I'd say that every frontend engineer should keep their eyes open for new tech but I wouldn't say that everyone needs to learn AWS.
There was a very similar question above so let me just reuse the answer (DRY, hah!):
AWS (and cloud in general) are going to become more and more important for developers but I don't believe that engineers have to learn AWS. My advice is to always keep your eyes open for new technologies but don't learn things just because they're trending - but once you'll have a use case for AWS, then by all means go for it! You can start here: egghead.io/playlists/learn-aws-lambda-from-..
And thanks for the AMA Tomasz Łakomy!
I've written a bit with my history with egghead here, let me quote the relevant part:
"My story with egghead.io started back in late 2015. I got an offer from this shiny new company that was interested in hiring me, so that was neat.
The problem was that a shiny new company had a shiny new stack (at the time) - ES6, React, Flux, webpack. It was fair to assume that I'd have to know those things in order to pass the interview.

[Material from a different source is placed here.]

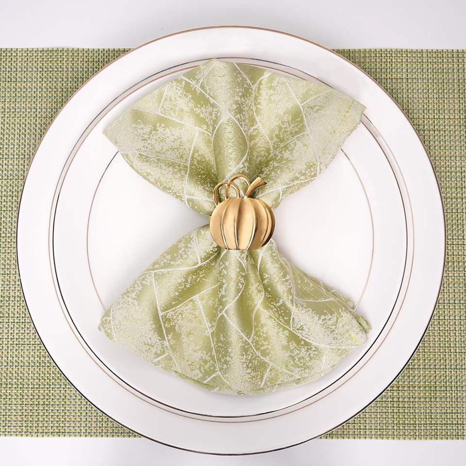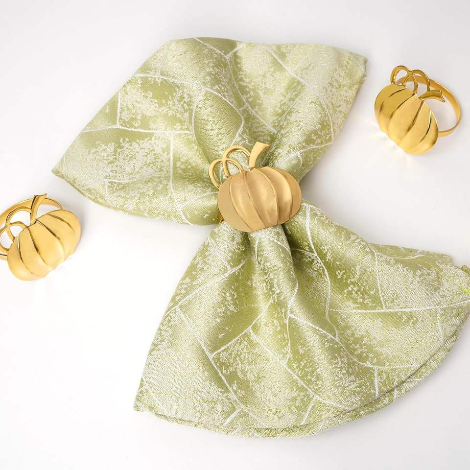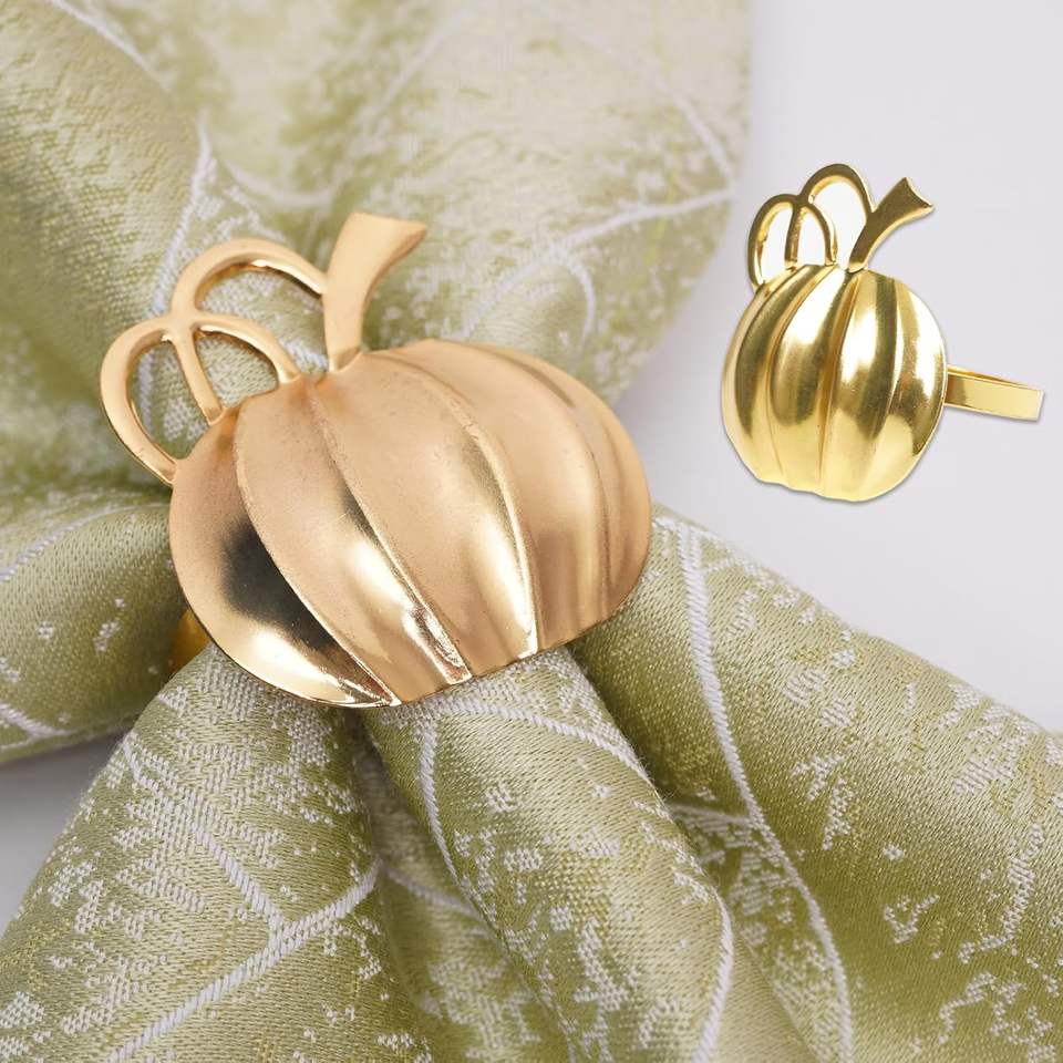 แหวนรัดผ้าเช็ดปากอะลูมิเนียมรูปโบว์สีทองลายฟักทองแบบเรียบง่ายสำหรับขายส่ง พร้อมหัวเข็มขัดโลหะ เป็นมิตรกับสิ่งแวดล้อม ทนทาน เหมาะสำหรับงานแต่งงาน

You see, the problem was that my stack at work was Backbone/jQuery/Grunt and I haven't even heard of React back then (when I did, I thought that JSX was the worst idea since pinapple on a pizza).
Getting an egghead subscription allowed me to level up as a developer in a month (that was tough, I don't even want to remember how many hours I've spent each day watching lessons and courses)."
This article also contains LOTS of resources to choose from: email@example.com/highly-recommended-..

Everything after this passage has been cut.